The simulation of an ABM can be developed in different specialised software, both free as paid software. Each solution provides useful features for different areas in which a study can be conducted. The authors of Reference [33] presents a comprehensive summary of the tools used to modelling and simulated these models, their area of application, and the analyse between model development ease and the computational modelling capability; another critical feature is the scalability level of the models.
The simulation of the SEIRS-D model has been developed in Mesa Framework [34]. This framework has been selected based on the number of nodes supported, the implementation area, the programming environment and the visualisation of the results. In this case, a network of 500 nodes, science computer as implementation area, Python as the programming language, the generation of graphics and visualization of results in real-time have been established as minimum requirements for the selection of the simulation tool.
Mesa Framework uses the Apache2 web server and the Python programming language for data analysis. Mesa is an alternative to NetLogo. The models simulated in NetLogo have been replicated in Mesa. This framework has been installed on a Virtual Machine (VM) with Ubuntu Linux 16.4 distribution. The computational resources have been used in the VM are an Intel i5 Processor, 2GB Random Access Memory (RAM), 10GB Hard Disk Drive (HDD) and Internet connection. The installation of the framework has been done through a Linux console, following the user manual.
The simulation of the model was implemented with 500 nodes, each node corresponds to a different type of sensor agents, also, in each phenomenon of interest have been defined three topologies: hybrid, mesh and star (see Figure 2). The maximum simulation time has been 168 hours, and this is equivalent to one week. Next, the description of each scenario and the results obtained will be presented.
Figure 2. View of topologies in Mesa Framework.

4.1. Scenario 1

In this scenario, the environment is the military and industrial phenomena of interest, malware has been defined with self-replication as a propagation mechanism, and its target is the information infiltration on the network. Besides, the risk of malware attacks is high, the human activity is low, and the risk of infection through devices is medium. Furthermore, the system uses the SOP protocol for node communication, the computational capacity of every node is high, the antenna range of the nodes is high, and the security level of the nodes is from medium to high.
Configurations per topology are the following: (a) Hybrid topology with 98 sensor nodes, 151 router nodes and one sink node. (b) Mesh topology with 249 router nodes and one sink node. (c) Star topology with 249 sensor nodes and one sink node.

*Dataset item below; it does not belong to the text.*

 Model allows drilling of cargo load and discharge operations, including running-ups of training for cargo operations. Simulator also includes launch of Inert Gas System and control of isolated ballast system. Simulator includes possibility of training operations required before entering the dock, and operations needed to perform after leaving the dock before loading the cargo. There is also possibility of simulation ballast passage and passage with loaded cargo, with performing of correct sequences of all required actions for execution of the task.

These simulation parameters have resulted in the following graphs for hybrid (see Figure 3a), mesh (see Figure 3b) and star (see Figure 3c) topologies. The evolution of the compartments of the sensor in each topology is observed.
Figure 3. Simulation on Military and Industrial phenomena; in (a) hybrid topology, (b) mesh topology and (c) star topology.

4.2. Scenario 2

The setting for this scenario is the health and environmental phenomena. The graphs of the evolution of the compartments of the sensors in hybrid (see Figure 4a), mesh (see Figure 4b) and star (see Figure 4c) topologies are observed. Parameters are the following: a malware with the exploitation as a propagation mechanism, and its target is Denial of Services. Also, the risk of malware attacks is medium, the human action level is medium, and the risk of infection through devices is low. Also, the network uses the SOP protocol for node communication, the computational capacity of each node is low, the antenna range of the nodes is high, and the security of the nodes is low to medium level.
Figure 4. Simulation on Health and Environmental phenomena; in (a) hybrid topology, (b) mesh topology and (c) star topology.
The following topologies and node types have been defined: (a) Hybrid topology with 89 sensor nodes, 160 router nodes and one sink node. (b) Mesh topology with 249 router nodes and one sink node. (c) Star topology with 249 sensor nodes and one sink node.

4.3. Scenario 3

Finally, an environment has been defined with daily activities and multimedia phenomena. In this case, malware has been defined with user interaction as a propagation mechanism, and its target is network fraud. At the same time, the risk of malware attacks is low, the level of human action is high, and the risk of infection through devices is high. Furthermore, the computational capacity of each node is from low to high, the antenna range of the nodes is between low and high, the safety of the nodes is low or high, and the network uses the EECR protocol for node communication.
The following features have been defined: (a) Hybrid topology with 96 sensor nodes, 153 router nodes and one sink node. (b) Mesh topology with 249 router nodes and one sink node. (c) Star topology with 249 sensor nodes and one sink node. Next, the graphs with the results obtained in this scenario can be seen in (Figure 5a–c).
Figure 5. Simulation on Daily activities and Multimedia phenomena; in (a) hybrid topology, (b) mesh topology and (c) star topology.

4.4. Complex Networks

The simulation of complex networks has been implemented in the environment of military and industrial phenomena of interest, where malware intends at filtering information and its mechanism of propagation is self-replication. The risk of attack is high, the level of human action is low, and the risk of infection by infected devices is medium. The nodes have antennas with high transmission range, the security level is medium to high, and the computational capacity is high.
A free-scale network and a small world have been configured with a total of 800 nodes (see Figure 6). These nodes have been distributed as follows: (a) the free-scale network with 461 sensor nodes, 338 router nodes and 1 sink node. (b) The small world with 799 router nodes and 1 sink node.
Figure 6. View of complex networks in Mesa Framework.
In the free scale network, three probabilities have been defined, alpha, beta and gamma. The sum of these three probabilities should be equal to 1. Alpha is the probability of adding a new node connected to an existing node that has been randomly selected according to the in-grade distribution; this probability has been assigned a value of 0.41. Beta is defined as the probability of adding an edge between two existing nodes, where one existing node has been randomly selected according to the in-grade distribution, and the other node has been randomly selected according to the out-grade distribution. The Beta probability has a value of 0.54. Gamma is the probability of connecting a new node to an existing node; this existing node is randomly chosen according to the out-grade distribution. The Gamma probability has a value of 0.05.
In this case, the bias for choosing nodes in the in-grade distribution is 0.2 and in the out-grade distribution is 0.
The parameters that have been set in the small world are k=4, wherein a ring topology a node is linked with its k-NN, the probability of re-linking each edge is 0.5 and 20 attempts to generate a connected graph.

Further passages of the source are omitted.